Assigned task:
Write out, from the entries below, exactly the lines that run between the lines holding "В данной вкладке" and "6. Remove the", inclusive, and stop there.

Dataset entries:
--- START ---

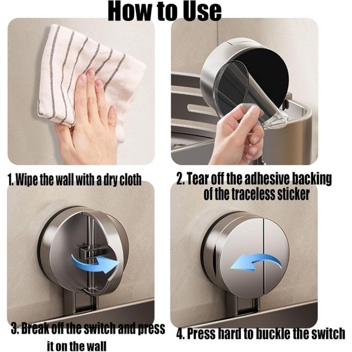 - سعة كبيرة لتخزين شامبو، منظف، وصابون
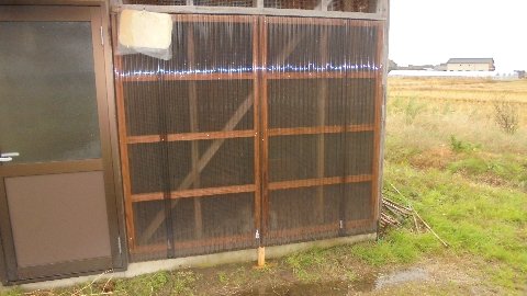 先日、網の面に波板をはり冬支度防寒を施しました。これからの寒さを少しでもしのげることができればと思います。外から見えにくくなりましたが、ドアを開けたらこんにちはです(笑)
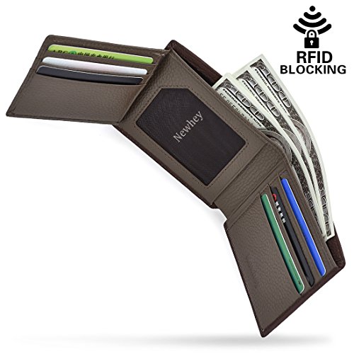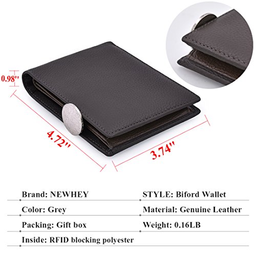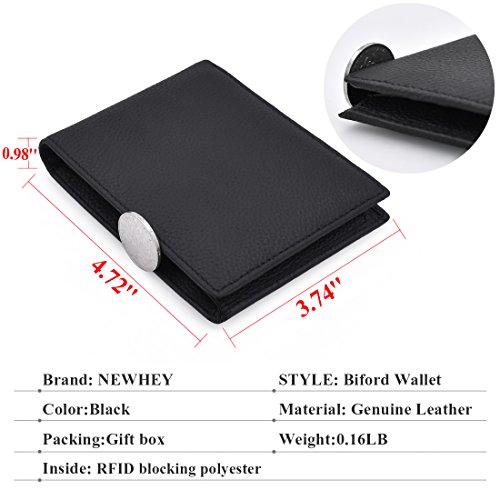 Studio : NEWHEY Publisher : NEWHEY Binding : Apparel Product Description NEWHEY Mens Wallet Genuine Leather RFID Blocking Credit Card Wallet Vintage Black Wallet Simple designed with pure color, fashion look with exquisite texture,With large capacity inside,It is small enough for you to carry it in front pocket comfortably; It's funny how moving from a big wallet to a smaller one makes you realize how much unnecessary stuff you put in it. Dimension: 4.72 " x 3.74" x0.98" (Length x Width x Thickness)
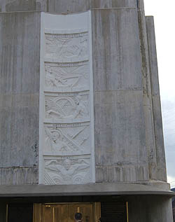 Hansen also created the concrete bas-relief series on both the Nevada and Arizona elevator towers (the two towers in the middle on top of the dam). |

--- END ---
--- START ---

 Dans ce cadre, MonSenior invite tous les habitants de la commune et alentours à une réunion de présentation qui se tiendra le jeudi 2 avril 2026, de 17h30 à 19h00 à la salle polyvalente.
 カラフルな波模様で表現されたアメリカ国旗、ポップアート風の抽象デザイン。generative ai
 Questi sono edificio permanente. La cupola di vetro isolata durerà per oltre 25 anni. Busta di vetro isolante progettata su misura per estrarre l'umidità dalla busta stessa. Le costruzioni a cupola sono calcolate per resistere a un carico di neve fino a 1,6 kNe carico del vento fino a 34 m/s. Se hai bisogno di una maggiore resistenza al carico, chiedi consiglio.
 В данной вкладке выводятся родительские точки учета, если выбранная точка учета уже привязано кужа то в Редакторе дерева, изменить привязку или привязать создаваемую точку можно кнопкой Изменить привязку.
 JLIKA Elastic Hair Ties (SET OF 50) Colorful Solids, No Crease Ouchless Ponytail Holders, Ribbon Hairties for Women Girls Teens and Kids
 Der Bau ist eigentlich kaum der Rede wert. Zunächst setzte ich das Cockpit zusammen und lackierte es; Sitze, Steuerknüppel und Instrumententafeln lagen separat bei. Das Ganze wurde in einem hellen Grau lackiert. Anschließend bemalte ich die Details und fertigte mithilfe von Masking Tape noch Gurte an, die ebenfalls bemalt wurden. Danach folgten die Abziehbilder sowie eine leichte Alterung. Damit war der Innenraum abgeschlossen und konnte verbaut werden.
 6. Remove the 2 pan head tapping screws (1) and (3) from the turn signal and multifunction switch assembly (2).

--- END ---

Answer to this task:
 В данной вкладке выводятся родительские точки учета, если выбранная точка учета уже привязано кужа то в Редакторе дерева, изменить привязку или привязать создаваемую точку можно кнопкой Изменить привязку.
 JLIKA Elastic Hair Ties (SET OF 50) Colorful Solids, No Crease Ouchless Ponytail Holders, Ribbon Hairties for Women Girls Teens and Kids
 Der Bau ist eigentlich kaum der Rede wert. Zunächst setzte ich das Cockpit zusammen und lackierte es; Sitze, Steuerknüppel und Instrumententafeln lagen separat bei. Das Ganze wurde in einem hellen Grau lackiert. Anschließend bemalte ich die Details und fertigte mithilfe von Masking Tape noch Gurte an, die ebenfalls bemalt wurden. Danach folgten die Abziehbilder sowie eine leichte Alterung. Damit war der Innenraum abgeschlossen und konnte verbaut werden.
 6. Remove the 2 pan head tapping screws (1) and (3) from the turn signal and multifunction switch assembly (2).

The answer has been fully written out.